TREKKING PEAKS AT RIGHT TIME TO WIN STRADBROKE

TREKKING PEAKS AT RIGHT TIME TO WIN STRADBROKE

A meticulous plan laid out by Godolphin Australia’s head trainer James Cummings paid off in spades when exciting sprinter Trekking produced a peak performance to land his maiden Group 1 success in yesterday’s Group 1 $A1.5million Stradbroke Handicap (1400m).
Trekking ($7) defeated Tyzone ($8) by a length and three-quarters, with New Zealand-trained Endless Drama ($11) another length and a quarter back in third.
Trekking has won now eight of his 20 starts, four of them at stakes level, with prize-money totalling $1,540,495. The gelded son of Street Cry took out the Group 3 Hall Mark Stakes (1200m) at Randwick on April 20 before landing the Listed Luskin Star Stakes (1300m) at Scone in May and was then specifically aimed at the Stradbroke, Queensland’s premier sprint.
“You don’t get too many chances at a Stradbroke so we didn’t leave much to chance,” Cummings said.
“I ran him in the Kingsford Smith Cup here two weeks ago to have a look at the track, then he had a very good gallop on the course proper on Tuesday to get him ready.”
It was Godolphin’s second Stradbroke after Impeding won in 2017 when Darren Beadman was interim trainer. The Stradbroke was also the second leg of a Group 1 double for jockey Kerrin McEvoy, who also took out yesterday’s J J Atkins Plate (1600m) for two-year-olds with Prince Fawaz.
“He (Trekking) is a promising horse and you know when you get on one of James’s horses they are fit and ready,” McEvoy said.
“The fast early pace suited him and we were able to come into the race when we wanted.”
Trainer Toby Edmonds said of runner-up Tyzone: “He tried hard and I am so proud of him.” His rider Tommy Berry said he got a nice tug into the race behind Trekking and he thought he could win, “but he was a bit strong for us”.

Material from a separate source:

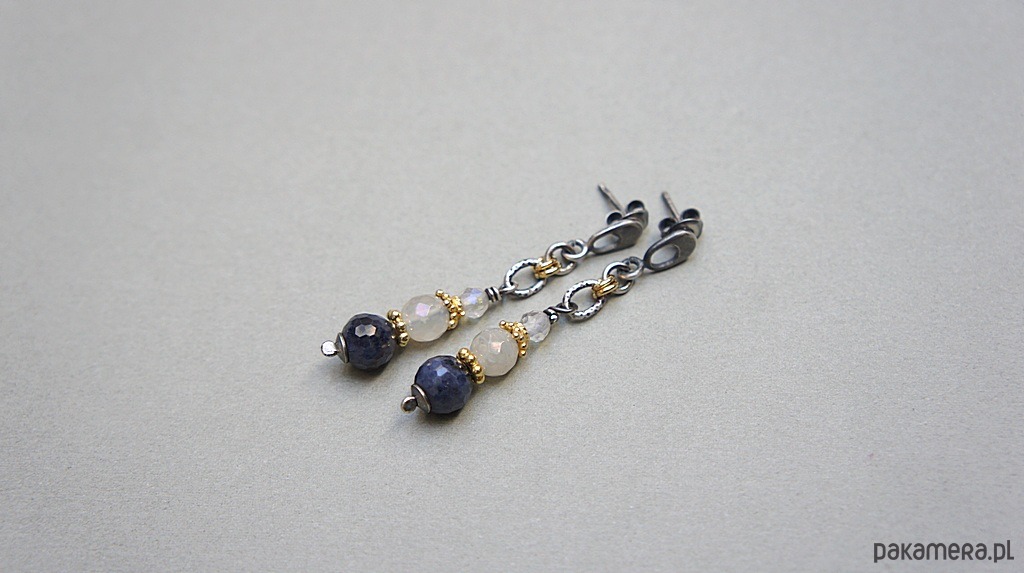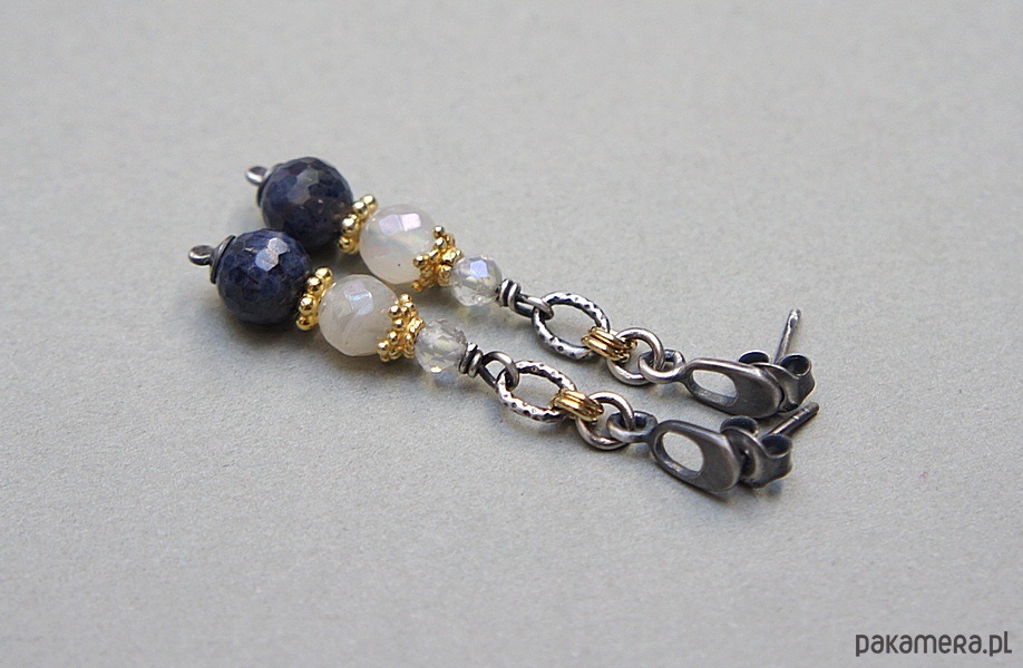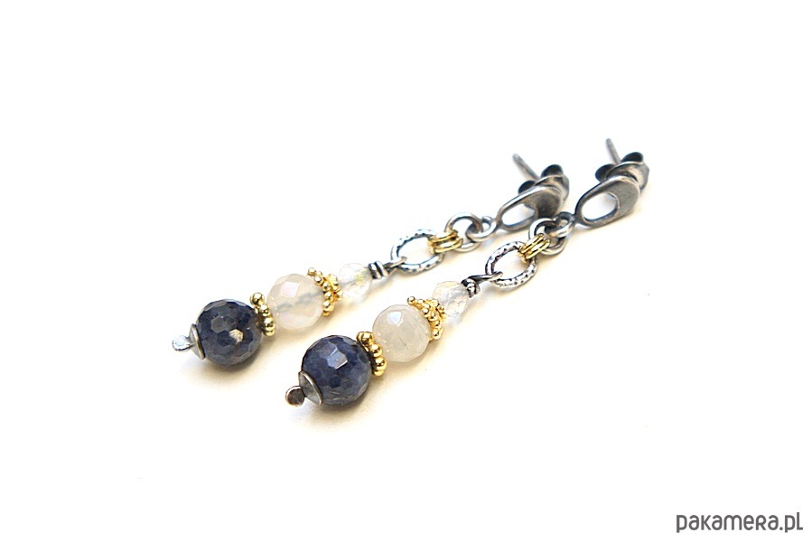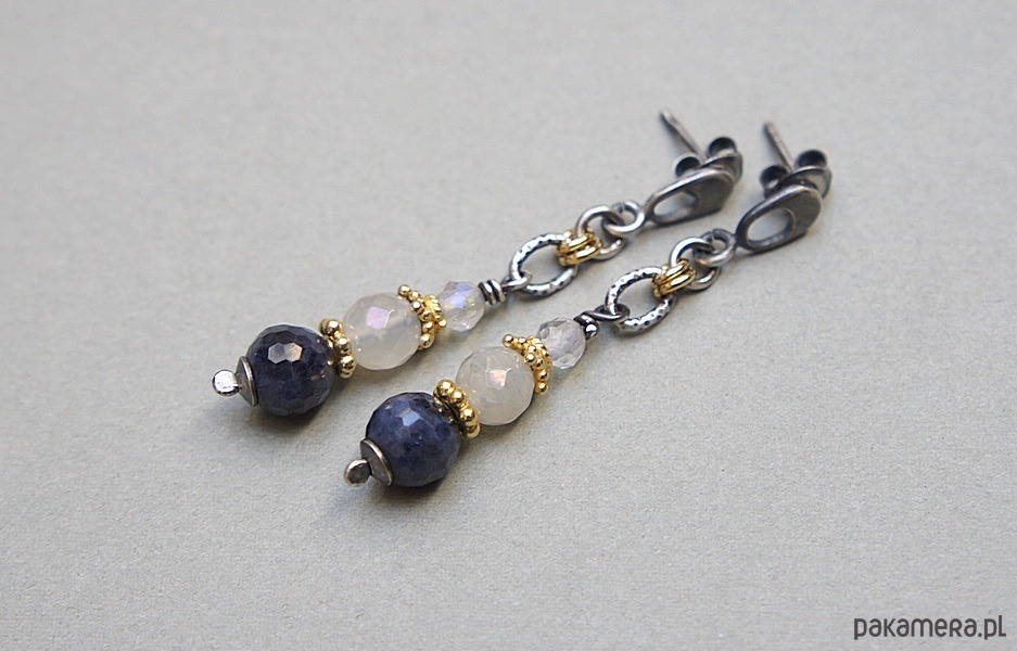 Kolczyki wykonane ze srebra i srebra pokrytego 24k złotem [pr.925] w połączeniu z fasetowanymi kuleczkami szafirów [7,5mm], kuleczkami kamieni księżycowych z powłoka mystic [6mm], fasetowanymi kamieniami księżycowymi [4mm] oraz przekładkami bali. Srebro częściowo oksydowane i przetarte. Całkowita długość kolczyków 4,5cm. Biżuteria ozdobnie zapakowana.

Leith Innes said the Tony Pike-trained Endless Drama had come a long way in a couple of months since being transferred to New Zealand.
Pike’s other charge and race favourite The Bostonian was slow to begin and was never a winning hope.
“He lost his footing at the start and that was the difference,” jockey Michael Cahill said.
Cummings’ late grandfather Bart Cummings won the Stradbroke four times, while it was also a memorable occasion for his father Antony, who trained Prince Fawaz to win the J J Atkins Plate.